Friday, July 08, 2005

Vigil for a Man

Last night I attended my first hospice vigil and death. At the nursing home, I sat across the patient’s bed from a young woman who said he had been ‘like a grandfather’ to her. The paient, a 90 year old man, was lying on his back, oxygen tubes in his nose, unconscious, mouth open, with labored breathing.

The granddaughter had been there for an hour before I arrived. I asked her about the patient, what he was like, what kind of work he did, how he came into her and her mother’s lives. I told her I was there to honor and allow whatever needed to happen, in whatever time it needed. She had gentle music playing on a CD player she had brought. We talked occasionally, and mainly sat in silence on either side of the patient’s bed.

For my part, I entered a kind of contemplative meditation, affirming Omniscience as guiding us all. I felt the wholeness and majesty of life itself, offering no resistance to the good that was unfolding.

After about an hour, I sensed a warmth in the vibration between the three of us, as though we were making a circle of feeling that had shape and height. It felt as though the heaven-and-earth connection had been established.

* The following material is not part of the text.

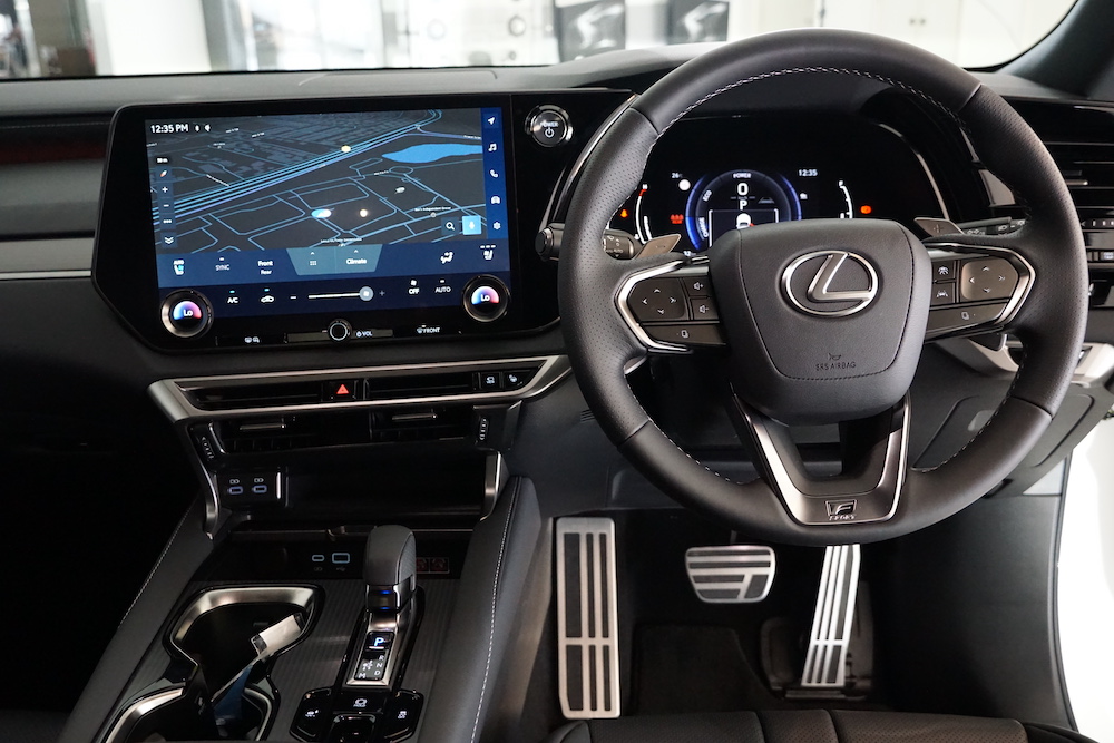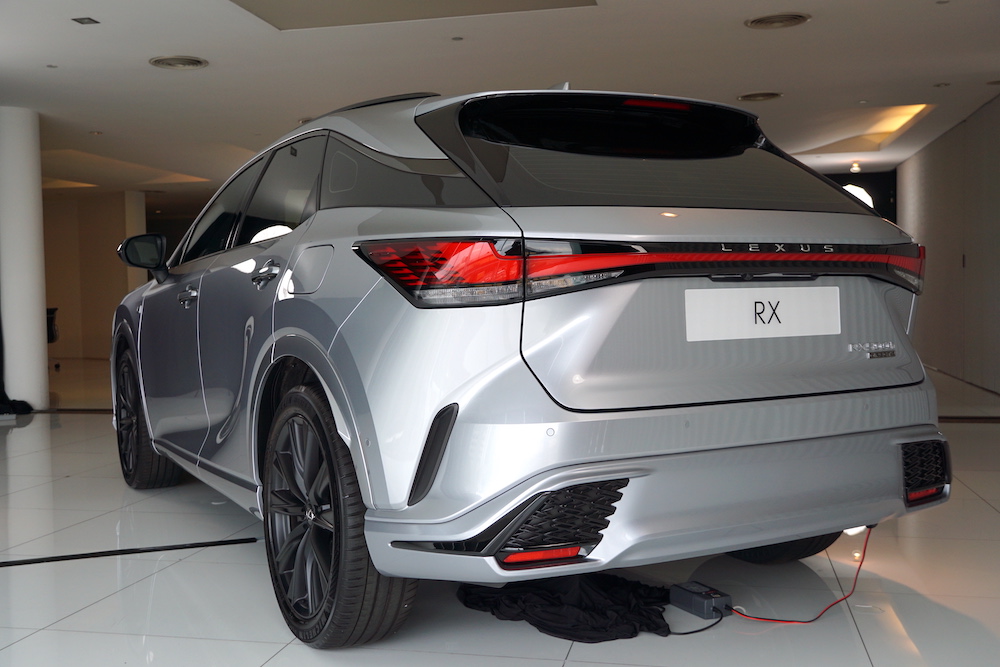 - Lexus RX 500h F Sport (2023) menggunakan trenkuasa hibrid baharu, iaitu enjin dengan pengecas turbo yang dipadankan motor elektrik.

The patient’s breathing quieted, became more shallow and gentle. It seemed we were all held in this core of powerful warmth. His breathing slowed and became softer, and then simply stopped.

I can still feel the warmth of that experience this morning. Quiet and awesome. I feel deeply grateful to have been there for this man and his family.

And on the practical human front, I notice an instinct to wash the clothes I wore, even my sneakers, so that they will be fresh and ready, like me, for new life experience on earth.